Was für einen Internetzugang von welchem Unternehmen hast Du genau? Die besten aber auch teuersten sind die ADSL2+ Zugänge von China Telecom, am schlechtesten sind die LAN-Dosen in der Wohnung aufgrund des shared mediums. Dann gibts noch diverse Anbieter, die einfach ein TV- oder Netzwerkkabel in die Wohnung legen (soweit erlaubt, meist bei älteren Wohnsiedlungen), die sind für nationalen Traffic ganz gut haben aber overseas recht wenig Kapazitäten.

Davon abgesehen ist der Internetzugang selbst recht flott und modern, so lange es sich halt um domestic traffic handelt. Bei Verbindungen in die restliche Welt sollte man nicht allzu große Sprünge erwarten. Die tatsächliche Geschwindigkeit hängt vom Routing ab, was gerne auch mal wechselt. Die Bandbreite reicht von einer sehr geringen Geschwindigkeit bis ganz ordentliche 6 Mbit/s oder mehr.

VPN in China ist grundsätzlich nicht verboten, um den Unternehmen nicht die Kommunikation nicht abzudrehen. Auf der anderen Seite werden natürlich Privacy VPNs inkl. Tor bestmöglichst eingeschränkt. Das bedeutet, dass kommerzielle VPN Anbieter früher oder später auf IP-Basis geblockt werden und dass openVPN die schlechteste Wahl vom Protokoll her ist, die es überhaupt gibt. Die Pakete, selbst wenn sie über 443 laufen, lassen sich nämlich sehr leicht als VPN identifizieren und einschränken, zumal wird es bei Firmen so gut wie nicht verwendet wird. Die besten Ergebnisse erzielt man in China mit PPTP, welches in China selbst verbreitet ist und auch in vielen Unternehmensumgebungen eingesetzt wird bzw. wurde.
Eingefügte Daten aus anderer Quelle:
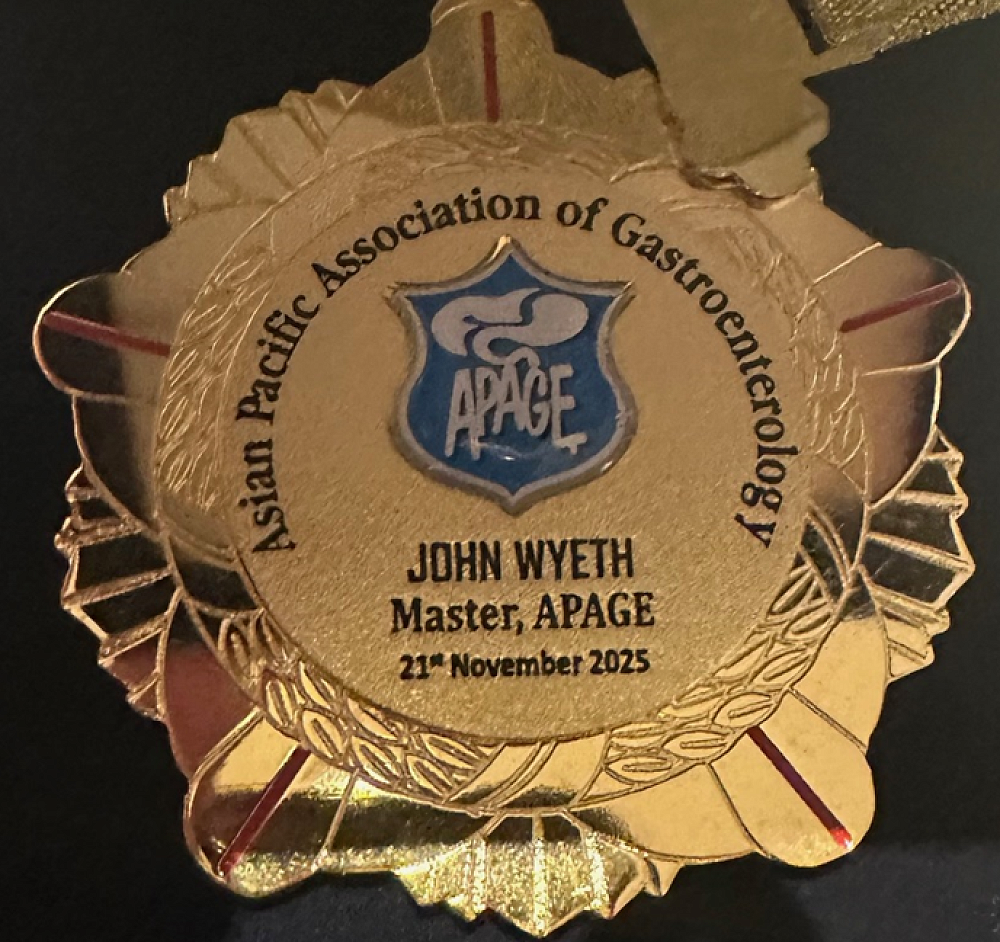 The Asian Pacific Association of Gastroenterology (APAGE) has awarded Dr John Wyeth one of its highest honours, naming him an inaugural Master of APAGE.

Die zweite Überlegung ist die Wahl des Standorts des Servers. Hong Kong erfüllt zwar den Zweck aber ist performancemäßig nicht zu empfehlen, da die Ressourcen aufgrund der geografischen Lage (umgeben von China) sehr begrenzt sind und China selbst die Anbindung an Hong Kong limitiert. Das Mittel der Wahl ist ein US-Server, da hierzu die besten Anbindungen bestehen und z.B. Seitenaufrufe nach Deutschland i.d.R. auch über die USA laufen und somit der Server sowieso auf dem Weg liegt.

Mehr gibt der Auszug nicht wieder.